(Data extract begins)
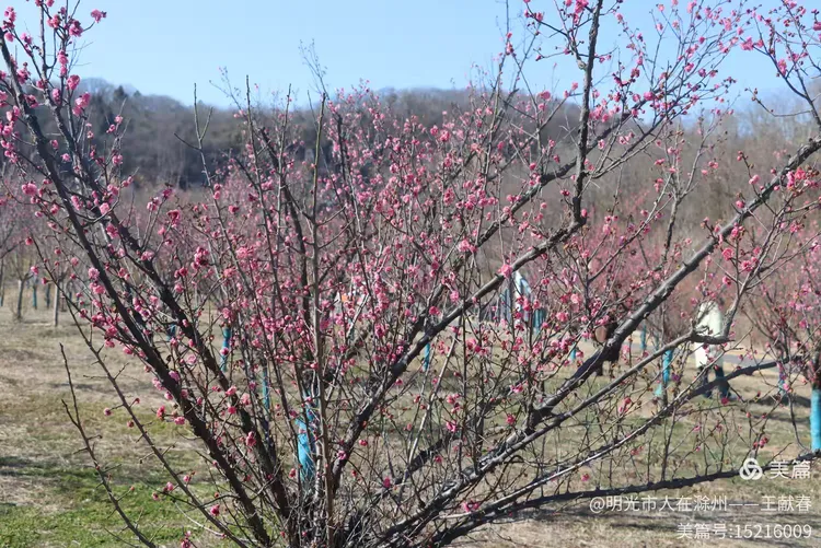 转过一道缓坡,忽见一片梅林。枝干横斜,粉红花苞缀满枝头,有的已盛放,有的半开,像把冬的冷意悄悄酿成了甜。山丘在花后铺展,天是那种洗过似的蓝,风一吹,花瓣便轻轻颤,仿佛整座山都在屏息,怕惊了这初春的私语。
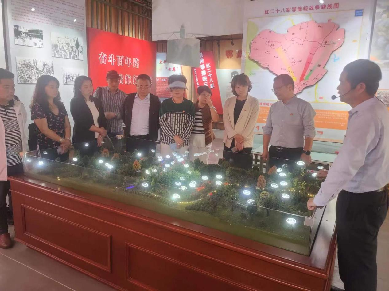 随后,帮扶干部同驻村工作队和村两委一起来到隔壁北浴乡罗汉山村,就罗汉山村农文旅深度融合建设进行了实地调研,并在罗汉尖革命根据地纪念馆接受了革命传统教育。在罗汉山村原支部书记朱留安的带领下,一行人将罗汉山村闭环红色文旅路线走了一遍,详细了解了罗汉山村将革命传统教育、生态旅游观光、乡村休闲度假等多种生态相融共生的乡村振兴示范村建设路径。
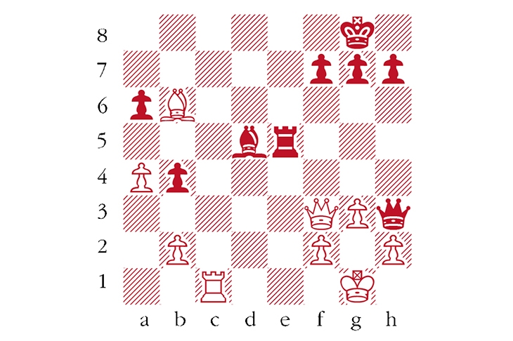 White to play. A position taken from Chess Improvement (perhaps from Luchowski–Gridnew, Moscow 1992.) Black’s menacing pieces make the situation look desperate. How can White turn the tables? Answers should be emailed to chess@spectator.co.uk by Monday 7 December. There is a prize of £20 for the first correct answer out of a hat. Please include a postal address and allow six weeks for prize delivery.
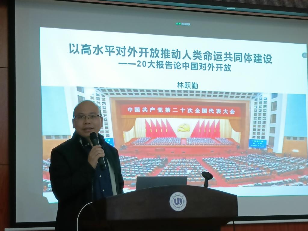 在以“以高质量对外开放促进人类命运共同体建构”为题的报告中,林跃勤教授以党的二十大为切入点,首先阐述了二十大报告基本内容以及提出背景,通过外部变局挑战,内部发展压力两个层次分析了我国当前国情。其次,提出了建构人类命运共同体的基本目标,在国内完成全面建设社会主义现代化国家,在国际范围内推进建构人类命运共同体。最后,提出了建构人类命运共同体的路径取向,包括创新转型、双循环性发展格局、高水平对外开放和中国式现代化发展道路等。
(Data extract ends)
Please copy the data shown above, line by line and exactly, omitting the images.

 转过一道缓坡,忽见一片梅林。枝干横斜,粉红花苞缀满枝头,有的已盛放,有的半开,像把冬的冷意悄悄酿成了甜。山丘在花后铺展,天是那种洗过似的蓝,风一吹,花瓣便轻轻颤,仿佛整座山都在屏息,怕惊了这初春的私语。
 随后,帮扶干部同驻村工作队和村两委一起来到隔壁北浴乡罗汉山村,就罗汉山村农文旅深度融合建设进行了实地调研,并在罗汉尖革命根据地纪念馆接受了革命传统教育。在罗汉山村原支部书记朱留安的带领下,一行人将罗汉山村闭环红色文旅路线走了一遍,详细了解了罗汉山村将革命传统教育、生态旅游观光、乡村休闲度假等多种生态相融共生的乡村振兴示范村建设路径。
 White to play. A position taken from Chess Improvement (perhaps from Luchowski–Gridnew, Moscow 1992.) Black’s menacing pieces make the situation look desperate. How can White turn the tables? Answers should be emailed to chess@spectator.co.uk by Monday 7 December. There is a prize of £20 for the first correct answer out of a hat. Please include a postal address and allow six weeks for prize delivery.
 在以“以高质量对外开放促进人类命运共同体建构”为题的报告中,林跃勤教授以党的二十大为切入点,首先阐述了二十大报告基本内容以及提出背景,通过外部变局挑战,内部发展压力两个层次分析了我国当前国情。其次,提出了建构人类命运共同体的基本目标,在国内完成全面建设社会主义现代化国家,在国际范围内推进建构人类命运共同体。最后,提出了建构人类命运共同体的路径取向,包括创新转型、双循环性发展格局、高水平对外开放和中国式现代化发展道路等。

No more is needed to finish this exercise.